Der Dezernent für Arbeit, Soziales und Teilhabe im Landkreistag Baden-Württemberg Dietmar Herdes lobte die Lösungs- statt Problemorientierte Einstellung von Peter Kappes. Er habe sich deshalb landes- und sogar bundesweit einen guten Namen gemacht hat und sein kompetenter Rat sei für die Verbandsarbeit sehr willkommen gewesen. Aufgrund seines Ideenreichtums und seiner konsequenten Arbeit sei der Landkreis Karlsruhe in vielen Bereiche vorne. Der Kreisvorsitzende des Gemeindetags Bürgermeister Thomas Nowitzki (Oberderdingen) sprach für die Städte und Gemeinden und würdigte den Dezernenten als wertvollen Ideengeber für die Kommunen, der gleichzeitig ein sensibles Gespür für soziale Konstellationen hatte. Stellvertretend für alle freien Träger sprach die Vorsitzende der Liga der Freien Wohlfahrtsverbände Elke Krämer. Sie zeigte sich beeindruckt von der hohen fachliche Kompetenz, die dazu führte, dass man sich auf gleicher Augenhöhe begegnen konnte. Gleichzeitig gelang es, rasch zu Ergebnissen zu kommen. Personalratsvorsitzenden Armin Mezger bescheinigte Peter Kappes eine glückliche Hand bei der Personalführung bei der Umsetzung der vielen und schwierigen Aufgaben seines Dezernates. Zum Schluss ergriff der zukünftige Pensionär das Wort. Er habe seine Arbeit nach der Maxime „Ambulant vor Stationär“ und „Reha statt Pflege“ ausgerichtet und einen „Welfare-Mix“ angestrebt, also ein gutes Miteinander von Haupt-, Neben- und Ehrenamtlichen. Dass er mit seinen Mitarbeitern und den Protagonisten in den Gemeinden und Trägern zusammenarbeiten durfte bezeichnete er als persönlichen Gewinn. Ganz besonders habe er geschätzt, dass er stets das Vertrauen der Landräte und Kreisrätinnen und Kreisräte verspüren konnte. Er freue sich nun aber auch, mehr Muße für Dinge zu haben, die in einem erfüllten Berufsleben zwangsläufig zu kurz gekommen sind.

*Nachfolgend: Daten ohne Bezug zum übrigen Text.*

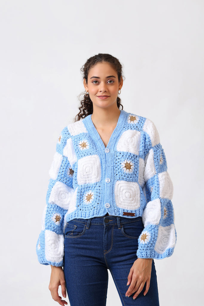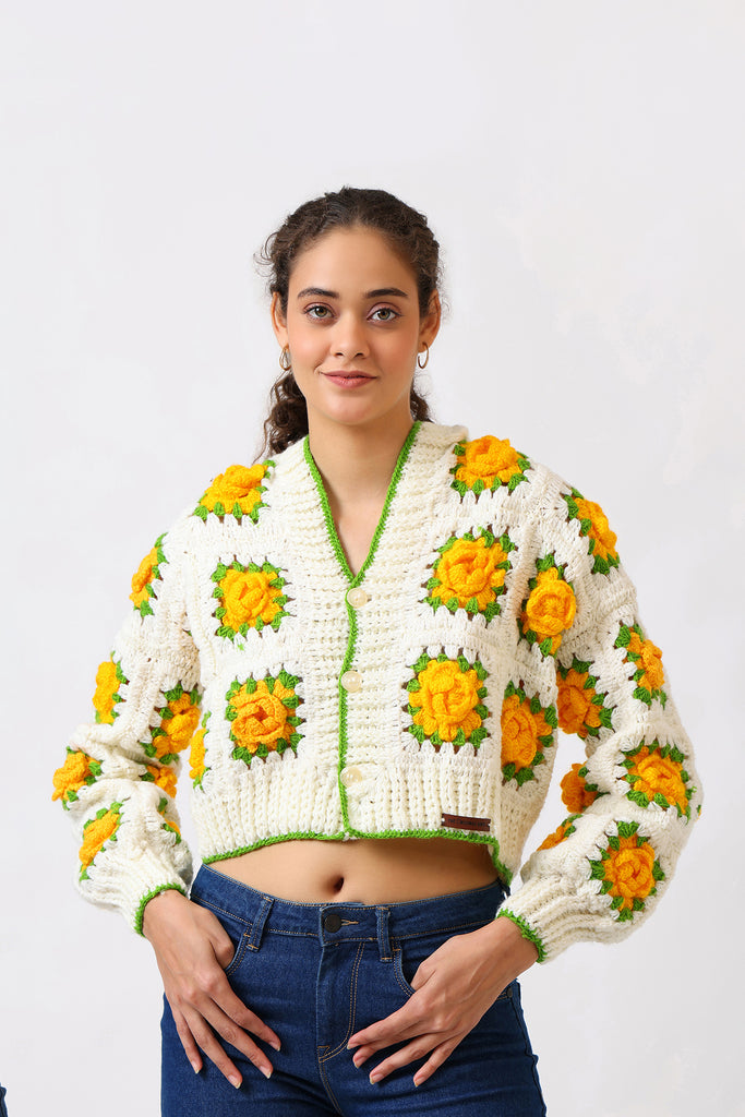 Rose Cardigan Crochet Pattern - Off White & Yellow

Als Nachfolgerin wurde Margit Freund eingeführt. Die 55-Jährige Diplom-Sozialpädagogin leitete bislang das Jugendamt und war Stellvertreterin des Dezernatsleiters. Sie sei sich bewusst, welch große Aufgabe und Herausforderungen auf sie zukomme, dankte für das Vertrauen, das sie durch ihre Wahl bekommen hatte und kündigte eine enge und gute Zusammenarbeit an.